The Roberts decision is an example of how this system of protecting the peoples' liberty can break down.  For a brief moment in time, one political party was able to overwhelm checks and balances and expanded federal power to compel theoretically free citizens to purchase something they did not want.  And the Supreme Court, which had at least four justices who regarded Madison's concerns as unimportant, failed to do its constitutional duty. 
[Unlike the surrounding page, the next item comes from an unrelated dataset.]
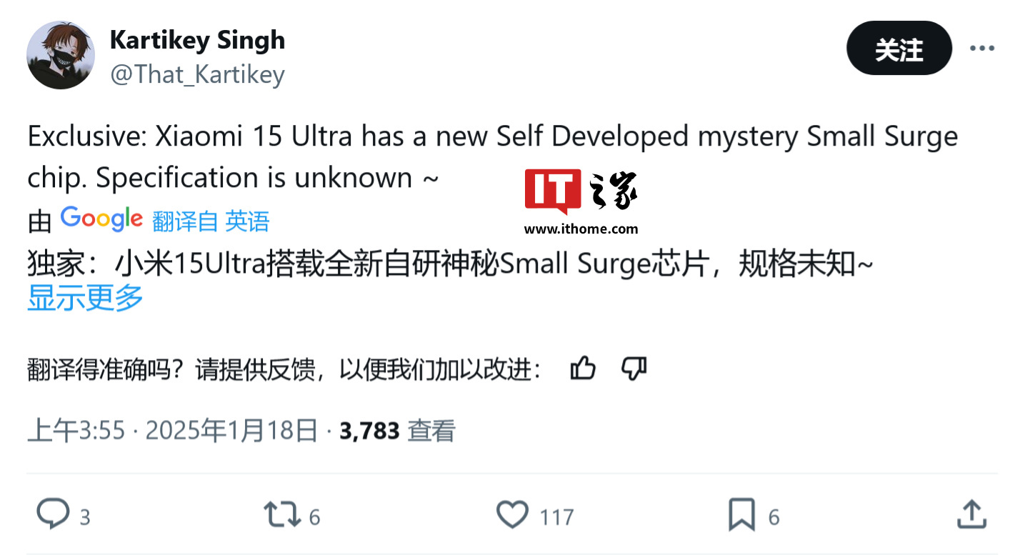 IT之家查询公开资料,消息源 @That_Kartikey 于 1 月 18 日在 X 平台发布推文,曝料称小米 15 Ultra 手机将配备神秘的自研 Small Surge 玄戒芯片,但规格尚不清楚。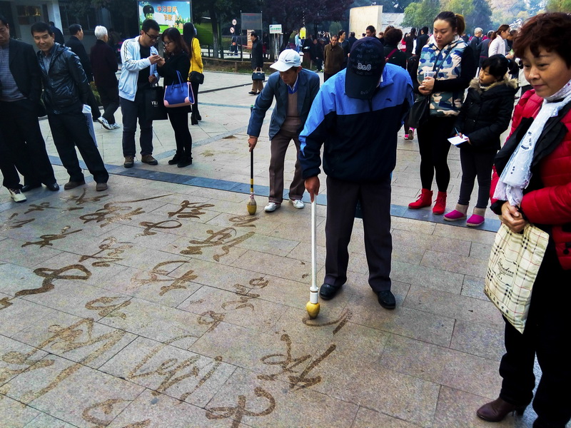 以地為紙、以水為墨,以自制海棉筆為主要書寫工具的書寫,這是目前在全國各地都比較流行的一種群眾文化活動。這種書寫方式,既怡情又健身,練了寫也涮了地;書者心情舒暢,圍觀者咋聲稱奇,常是公園或人眾休閑之地的一道風景線。

So is this the end of the story?   Are five robed lawyers on the Supreme Count completely supreme and totally untouchable when they go astray?  The answer is no.  There is one power center remaining that can serve as a check on the Supreme Court and the federal government, and that center has one constitutional tool to work with.  That power center is called the "sovereign" states, and that tool is called the "constitutional amendment."  In constitutional terms, nothing trumps a constitutional amendment.  It trumps the Supreme Court, the legislature, the executive, all the king's horses, and all the king's men.

There are two power centers that can propose a constitutional amendment: two thirds of Congress and two thirds of the sovereign states.  However, the states cannot propose a single, specific amendment like Congress can.  They can only call for a general constitutional convention, where the delegates might "go rogue" and rewrite the entire Constitution.  That is why two thirds of the states have never called for a constitutional convention and  exercised their power to be the initiators of  constitutional amendments.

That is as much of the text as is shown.